UnitedHealthcare made headlines at HLTH by announcing the launch of NavigateNOW, a virtual-first health plan that offers an integrated approach to providing care both virtually and in-person.
- NavigateNOW is a collaborative effort between UnitedHealth’s payor arm and its Optum subsidiary that seeks to capitalize on the industry-wide shift towards hybrid care. The virtual-first health plan is designed to provide patients with a personalized virtual care team for medical and behavioral health services with a seamless hand-off to in-person treatment if needed.
- Availability begins later this year in nine initial markets, with a goal of expanding to large employers and over 25 markets by the end of 2022. NavigateNOW offers members no copays for common services, unlimited 24/7 physician access, and reduces plan premiums by approximately 15%.
- The collaboration leverages Optum’s primary care and behavioral healthcare services, with UnitedHealthcare’s national provider network available for in-person visits. The integrated care model is designed to identify health issues earlier, encourage preventive care, and deliver services in the most appropriate setting.
It’s a strategic priority for UnitedHealth to take advantage of the overlap between Optum and UnitedHealthcare, and NavigateNOW is the first major launch in that initiative. NavigateNOW is UnitedHealth’s first virtual-first primary care plan, and combining Optum’s digital resources with a large clinical footprint gives the service strong value proposition within the digital health market.
Optum, a subsidiary of UnitedHealth, recently began selling prescription medications online directly to patients.
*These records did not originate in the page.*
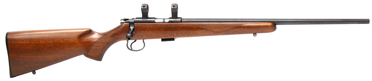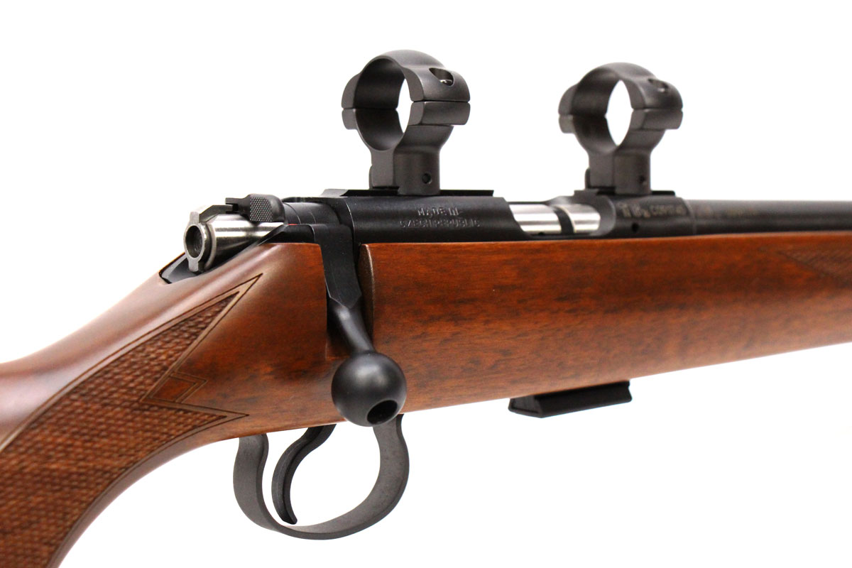 This is a used CZ 455 rifle chambered in 22 Long Rifle. It features a 20-inch barrel, 5-round magazine, 1-inch scope rings, sling studs, blued finish, and wood stock. Overall, this rifle is in good condition with some handling wear on the barrel. Bore condition is good with crisp rifling. This would be a good choice for small game hunting. Buy online today!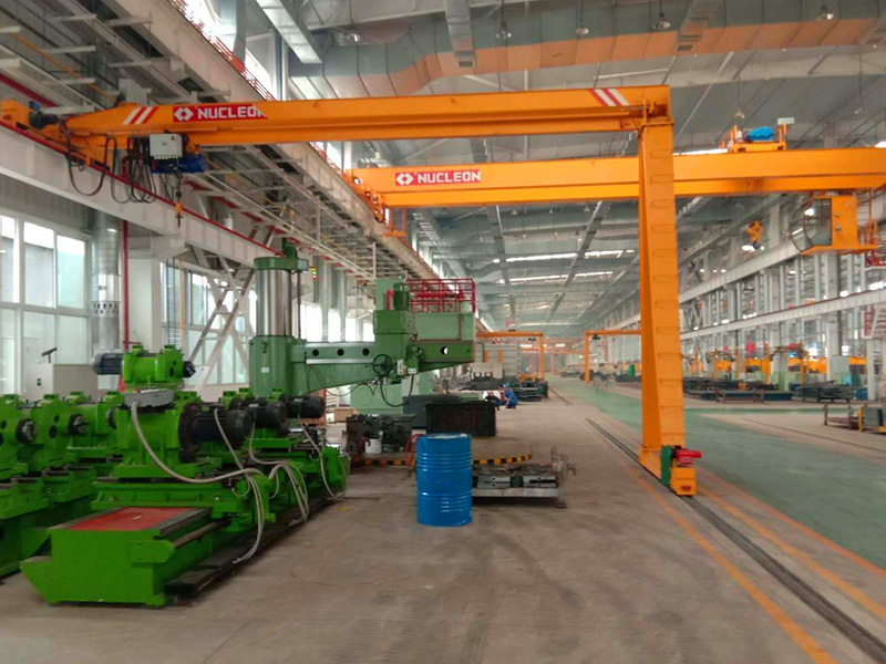 Hoisting mechanism of the universal hoist semi-gantry crane adopts modular and parametric design. The hoisting mechanism adopts a general rope electric hoist with stable performance, durability, safety and reliability. The traveling mechanism of the trolley is driven by vertical speed change or three-in-one drive device, and the common speed control system is used for control.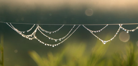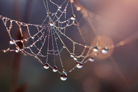 Close-up of glistening dew drops clinging to delicate spider web strands, illuminated by soft morning sunlight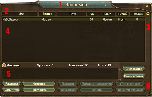 5. Поле для кланового сообщения, его пишет мастер или маршал, писать можно все, что угодно (невозможно написать точку, тире, прописные буквы э, ю, я, так же некоторые другие, мало используемые символы).
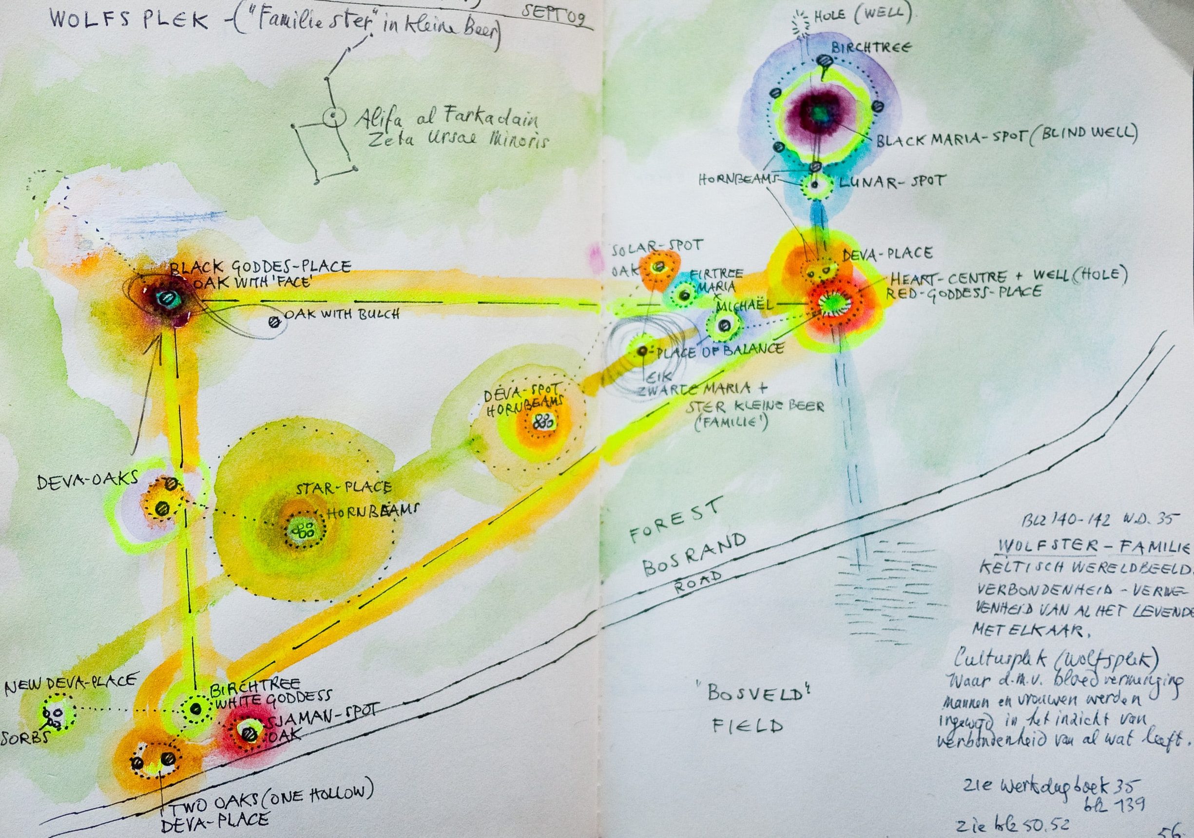 Verder noem ik de slangenlijnen en de Zwarte Mariaplek, omdat deze het meest zichtbaar inwerken op de groeivormen van bomen; de Lunarplek en Solarplek, de Michaëlplek en Mariaplek (yin-yang/mannelijk-vrouwelijk); de Elementenwezens-plek; de plek van Evenwicht (tussen yin-yang) en tot slot — en tevens de rode draad in dit project — de plek van Verbinding (de versmelting van polariteiten).

The company also began offering telehealth services to provide prescriptions to treat depression, erectile dysfunction, and other common illnesses – directly challenging startups such as Ro and Hims that offer online access to drugs for many of the same ailments.
UnitedHealth is the most profitable US healthcare company, with net income totaling $15.8b in 2020, and Optum is its fastest growing business segment. The company has expanded far beyond its payer roots and now employs or contracts over 50k physicians.
Optum launched its online storefront in November 2020 before adding pharmacy and healthcare services in June. It’s recent redesign and cash payment options make it more friendly to digitally native consumers.
- The Strategy – More Americans are paying directly for healthcare, and by offering cash services to either uninsured or budget-constrained patients, Optum is increasing access to healthcare.
- The Real Strategy – Optum’s entrance into the direct-to-consumer world defends against rising competition from retail giants such as Amazon and Walmart, both of which have launched digital pharmacy options as membership incentives.
UnitedHealth’s largest competitive advantage is its vertical integration. It operates the largest US commercial insurance provider, a substantial pharmacy benefits manager, and is one of the biggest employers of physicians in the country. It’s recent expansion deepens this integration, while keeping patient money in-house amid a sea of new competition.